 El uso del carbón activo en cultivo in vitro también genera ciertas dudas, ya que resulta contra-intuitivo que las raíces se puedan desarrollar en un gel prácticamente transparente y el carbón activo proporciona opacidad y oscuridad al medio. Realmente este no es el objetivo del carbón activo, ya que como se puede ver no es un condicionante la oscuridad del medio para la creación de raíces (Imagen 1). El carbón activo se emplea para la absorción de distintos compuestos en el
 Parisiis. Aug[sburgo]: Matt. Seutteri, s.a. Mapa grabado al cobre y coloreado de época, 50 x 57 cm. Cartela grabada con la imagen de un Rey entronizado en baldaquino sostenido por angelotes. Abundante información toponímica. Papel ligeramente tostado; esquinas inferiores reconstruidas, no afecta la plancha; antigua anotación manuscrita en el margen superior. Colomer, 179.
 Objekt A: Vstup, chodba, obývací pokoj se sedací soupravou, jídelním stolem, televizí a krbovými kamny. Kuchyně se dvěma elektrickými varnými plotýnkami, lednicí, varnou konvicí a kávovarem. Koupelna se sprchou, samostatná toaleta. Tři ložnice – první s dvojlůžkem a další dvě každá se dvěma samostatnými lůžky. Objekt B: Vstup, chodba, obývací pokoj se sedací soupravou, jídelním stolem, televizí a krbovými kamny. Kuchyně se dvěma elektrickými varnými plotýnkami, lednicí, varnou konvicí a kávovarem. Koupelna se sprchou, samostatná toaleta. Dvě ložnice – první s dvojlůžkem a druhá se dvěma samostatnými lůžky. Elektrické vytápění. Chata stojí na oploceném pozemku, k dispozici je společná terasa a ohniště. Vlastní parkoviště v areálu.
= = = = = = =
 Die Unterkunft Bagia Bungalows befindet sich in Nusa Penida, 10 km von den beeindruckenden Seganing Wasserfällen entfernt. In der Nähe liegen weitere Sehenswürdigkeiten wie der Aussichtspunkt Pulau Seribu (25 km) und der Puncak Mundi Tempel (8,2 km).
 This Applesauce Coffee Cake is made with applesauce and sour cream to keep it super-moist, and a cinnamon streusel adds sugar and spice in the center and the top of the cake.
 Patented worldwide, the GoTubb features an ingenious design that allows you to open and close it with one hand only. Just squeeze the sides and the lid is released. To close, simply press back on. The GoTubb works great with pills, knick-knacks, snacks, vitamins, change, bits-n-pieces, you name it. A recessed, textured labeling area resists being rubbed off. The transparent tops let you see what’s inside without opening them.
= = = = = = =
## WORK TO BE COMPLETED
Out of the records above, pull the lines that include the word "with".

## REPLY TO THE EXERCISE
 This Applesauce Coffee Cake is made with applesauce and sour cream to keep it super-moist, and a cinnamon streusel adds sugar and spice in the center and the top of the cake.
 Patented worldwide, the GoTubb features an ingenious design that allows you to open and close it with one hand only. Just squeeze the sides and the lid is released. To close, simply press back on. The GoTubb works great with pills, knick-knacks, snacks, vitamins, change, bits-n-pieces, you name it. A recessed, textured labeling area resists being rubbed off. The transparent tops let you see what’s inside without opening them.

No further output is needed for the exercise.